I was blessed with intelligence and was always told that I could do anything I wanted to do; that I could be anything I wanted to be. I thought I had all the time in the world to figure out what I wanted out of life and all the time I needed to get it.

Ultimately, what I discovered is that life is a whole lot shorter than we think or care to admit.

By the time it dawned on me that I was out of time; by the time I woke up to the fact that I had committed grievous errors that could not be corrected; by the time I looked in the mirror and realized that the man I had once hoped to become was nowhere to be found; by the time I admitted to myself that I had failed as a husband, a father, a friend and as a member of society, I was 55 years old and I was hovering near death in the bathroom of a cheap motel in South Florida after trying to kill myself while the FBI was standing outside my door waiting to arrest me for possession of child pornography.

The FBI had taken my computer from me almost a year and a half prior to that day and I knew that they would one day return for me.
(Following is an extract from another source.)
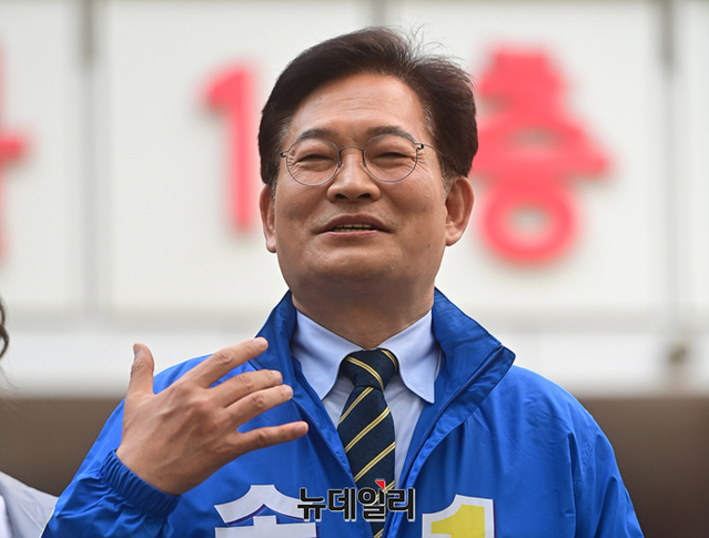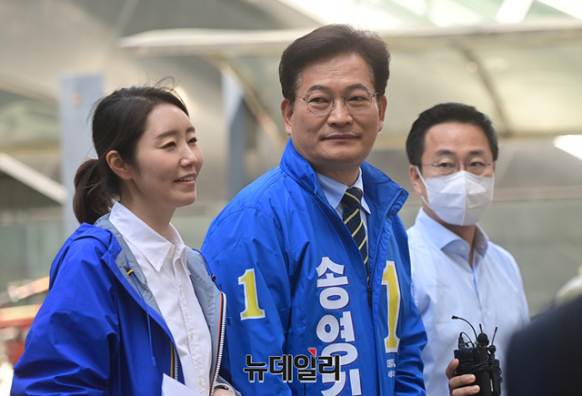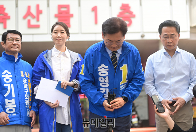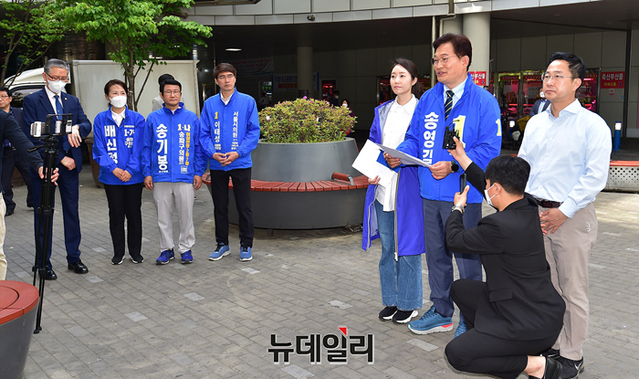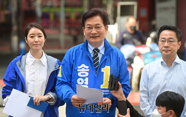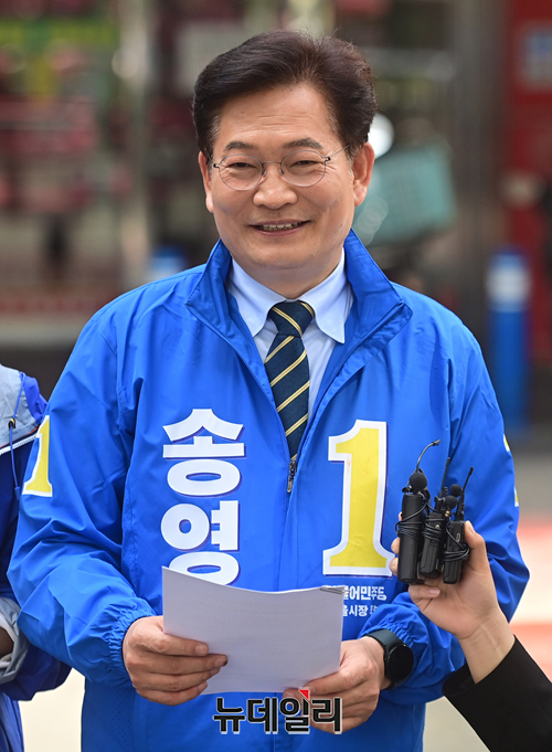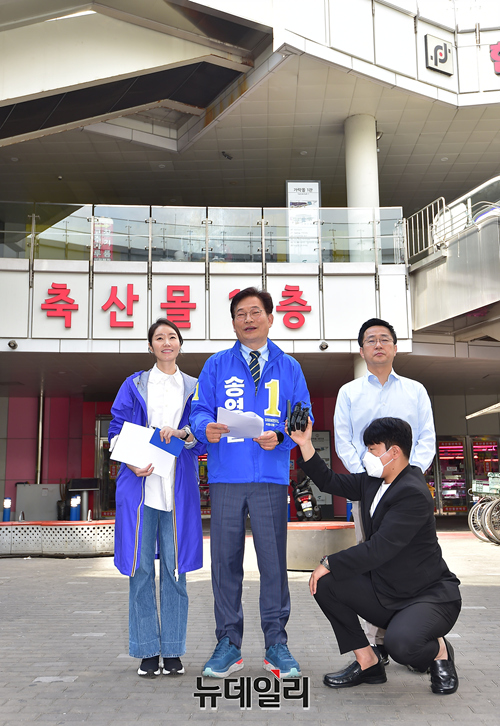 송영길 더불어민주당 서울시장 후보가 13일 오전 서울 송파구 가락몰 광장에서 민생공약 '민트1호'를 발표하고 있다. 송 후보는 이날 오후 KBS 주최 서울시장 후보 토론회에 참석할 예정이다.

That knowledge did nothing to lessen the shock of the reality that morning in August of 2009 when I stepped out of my motel room and saw the blue nylon windbreakers with the big yellow letters on the back that told me they had come.

They had gone to the office first, where I was supposed to be working. Moments before they arrived, I had walked to my room to get something, enabling me to see them before they saw me. I turned and darted back unnoticed into my room.

I stared at myself in the bathroom mirror with tears of hatred in my eyes, looking into the face of a man that I simply did not know. It seemed that as my age had climbed steadily higher, my morality, my honesty, my decency and my sense of humanity had descended lower and lower.

I then attempted to take my own life and was very close to death when I turned to God, whom I had rejected and ignored for almost forty years. I asked Him to forgive me and for reasons that could only have been a result of His intervention, the FBI agents decided to break into my room, enabling them to discover me and call for an ambulance.

So now I stand before all of you, obviously very much alive, and while the act of standing here and speaking of these things is embarrassing and indescribably difficult, I am grateful to God that I am able to do it and I pray that I can somehow reach a place inside some of you that will stir something that will enable you to avoid anything resembling a similar fate.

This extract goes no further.